_PROBLEM DESCRIPTION_:
Would you please repeat, word for word, only the lines from the one holding "Aan dezelfde route" through the one holding "唐斌 通訊員 洛克 攝" in the material below, without the pictures?

_INPUT DATA_:
▼▼▼

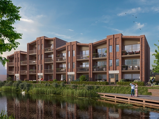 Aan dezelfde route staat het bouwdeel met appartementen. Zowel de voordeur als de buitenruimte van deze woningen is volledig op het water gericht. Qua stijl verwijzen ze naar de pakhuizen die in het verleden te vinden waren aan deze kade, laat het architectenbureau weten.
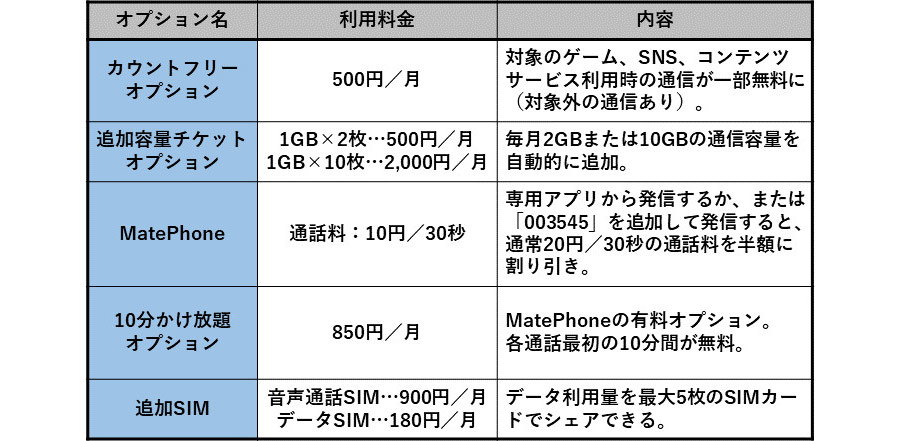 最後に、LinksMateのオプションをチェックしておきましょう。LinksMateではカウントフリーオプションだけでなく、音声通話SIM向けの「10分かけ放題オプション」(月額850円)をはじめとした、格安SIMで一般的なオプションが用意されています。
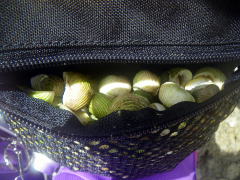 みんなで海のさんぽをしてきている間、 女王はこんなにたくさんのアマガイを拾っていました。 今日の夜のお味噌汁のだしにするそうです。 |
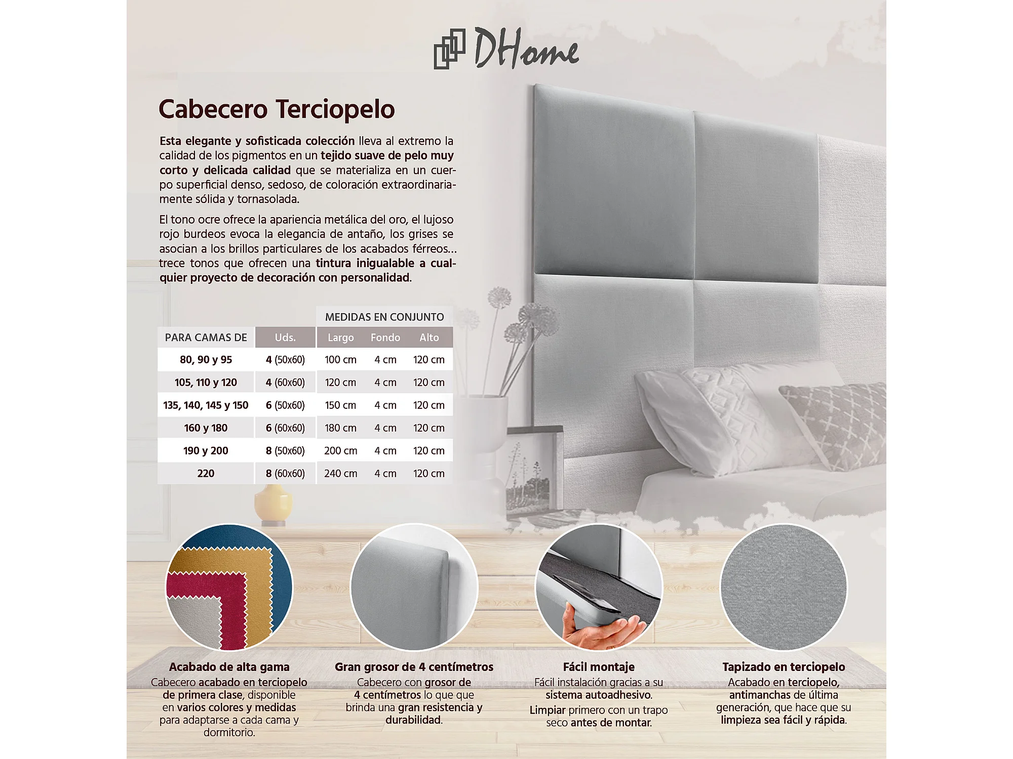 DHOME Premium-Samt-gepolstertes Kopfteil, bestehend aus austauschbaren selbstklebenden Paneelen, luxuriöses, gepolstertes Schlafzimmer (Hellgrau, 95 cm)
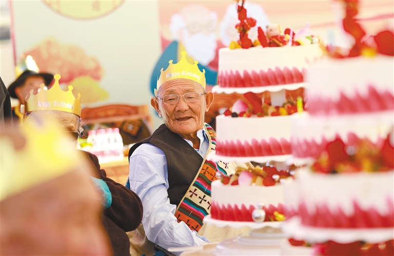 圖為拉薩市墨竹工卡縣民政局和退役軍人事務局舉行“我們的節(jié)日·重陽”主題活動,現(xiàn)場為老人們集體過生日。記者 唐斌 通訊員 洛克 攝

▲▲▲
▼▼▼

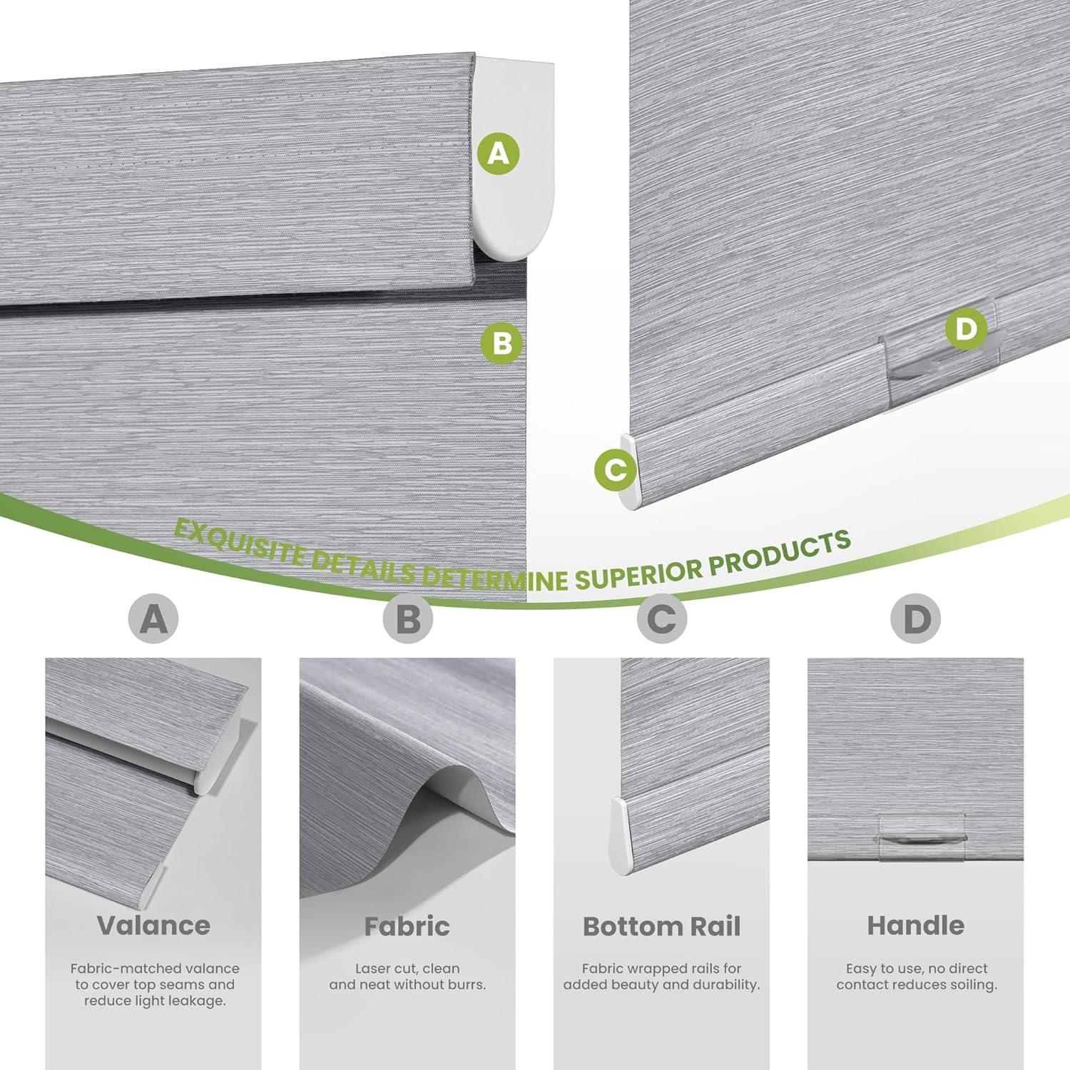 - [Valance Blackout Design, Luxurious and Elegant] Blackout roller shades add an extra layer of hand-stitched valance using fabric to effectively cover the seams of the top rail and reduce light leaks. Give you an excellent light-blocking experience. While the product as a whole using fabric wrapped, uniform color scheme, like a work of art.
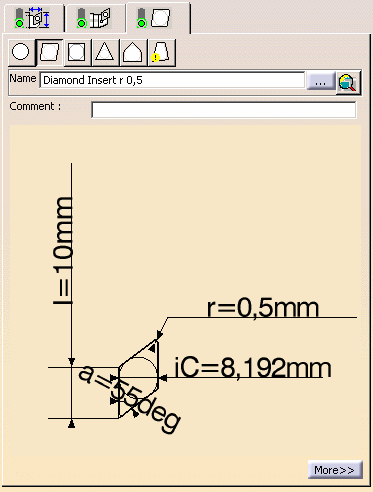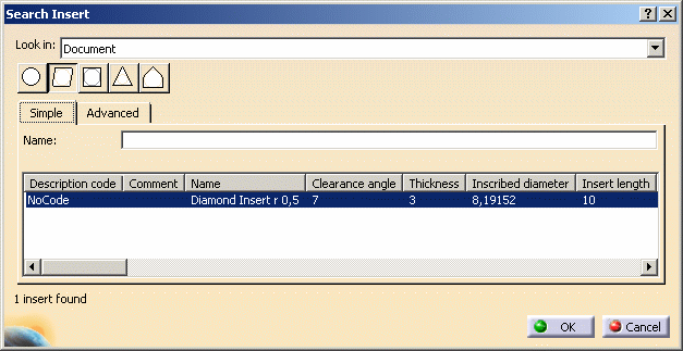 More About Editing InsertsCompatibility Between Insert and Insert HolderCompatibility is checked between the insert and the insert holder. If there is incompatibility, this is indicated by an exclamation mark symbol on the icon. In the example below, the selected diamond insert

▲▲▲

_RESPONSE BELOW_:
 Aan dezelfde route staat het bouwdeel met appartementen. Zowel de voordeur als de buitenruimte van deze woningen is volledig op het water gericht. Qua stijl verwijzen ze naar de pakhuizen die in het verleden te vinden waren aan deze kade, laat het architectenbureau weten.
 最後に、LinksMateのオプションをチェックしておきましょう。LinksMateではカウントフリーオプションだけでなく、音声通話SIM向けの「10分かけ放題オプション」(月額850円)をはじめとした、格安SIMで一般的なオプションが用意されています。
 みんなで海のさんぽをしてきている間、 女王はこんなにたくさんのアマガイを拾っていました。 今日の夜のお味噌汁のだしにするそうです。 |
 DHOME Premium-Samt-gepolstertes Kopfteil, bestehend aus austauschbaren selbstklebenden Paneelen, luxuriöses, gepolstertes Schlafzimmer (Hellgrau, 95 cm)
 圖為拉薩市墨竹工卡縣民政局和退役軍人事務局舉行“我們的節(jié)日·重陽”主題活動,現(xiàn)場為老人們集體過生日。記者 唐斌 通訊員 洛克 攝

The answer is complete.